Here's my attempt at a Ring to-do list, categorized by priority.
+ Things that must be fixed before 1.0
* Fix wrap-lint bug that prevents seqs being recognised as valid
response bodies
+ Things that should be fixed before 1.0
* Allow multipart-params to choose its storage mechanism. Temp-files
aren't allowed on some cloud platforms (e.g. GAE).
* Factor out content-type guessing functions in file-info into their
own utility namespace.
+ Things that would be nice to have for 1.0
(Nothing I can think of that shouldn't begin life as a 3rd-party
library.

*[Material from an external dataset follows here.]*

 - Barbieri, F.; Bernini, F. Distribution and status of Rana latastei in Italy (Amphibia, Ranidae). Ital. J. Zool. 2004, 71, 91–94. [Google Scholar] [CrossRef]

Accept-parsing should probably be a 3rd-party library at
first.)
+ Things that can wait under version 1.1 or later
* Asynchronous HTTP and Websocket support.
Can anyone else think of anything that we're missing or needs fixing?

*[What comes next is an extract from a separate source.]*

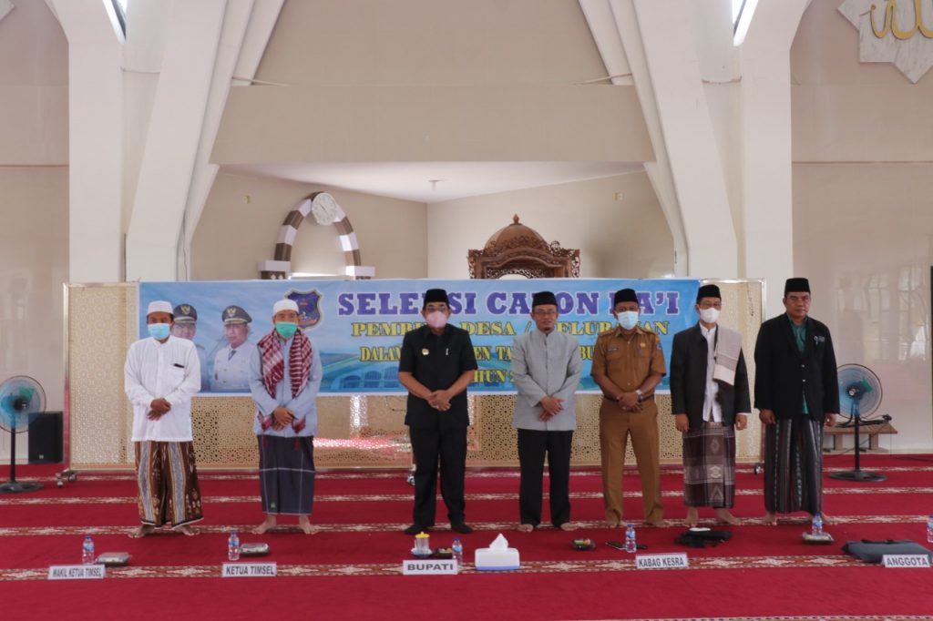 KABARTUNGAKAL.COM. Bupati Tanjung Jabung Barat Drs. H. Anwar Sadat, M. Ag menghadiri langsung seleksi tes Calon Da’i Pembina Desa /Kelurahan Dalam Kabupaten Tanjung Jabung Barat bertempat di Masjid Syekh Usman Kuala Tungkal, Senin (13/12/21)

Mark, what's your take on this?
- James
* Fix wrap-lint bug that prevents seqs being recognised as valid
response bodies
I suspect not. It's probably something that will be tried out in
third-party libraries (Compojure and lein-ring both support it), and
only when it proves itself a sound solution will it make its way into
Ring.
So more of a 1.1 thing than a 1.0 thing.
- James
Michael: Your code doesn't lint seqs of nonstrings, though it certainly is a step in the right direction.(and (seq? %) (every? string? %))is a more thorough test for conformance to the spec. `every?` iterates over the seq, though; possibly compromising laziness benefits. Hearing from a laziness expert on this point would be nice.
I don't think we need to worry about laziness; Clojure should make
that transparent to us.
Also, the SPEC says:
> Each element of the seq is sent to the client as a string.
So the seq doesn't necessarily have to be strings, just objects that
can be turned into strings (e.g. all objects, since everything has a
toString method).
I think we're overthinking this, so I've fixed this with a simple seq?
check and pushed the changes to GitHub. If we happen to need anything
more complex or thorough in future we can do so with another patch.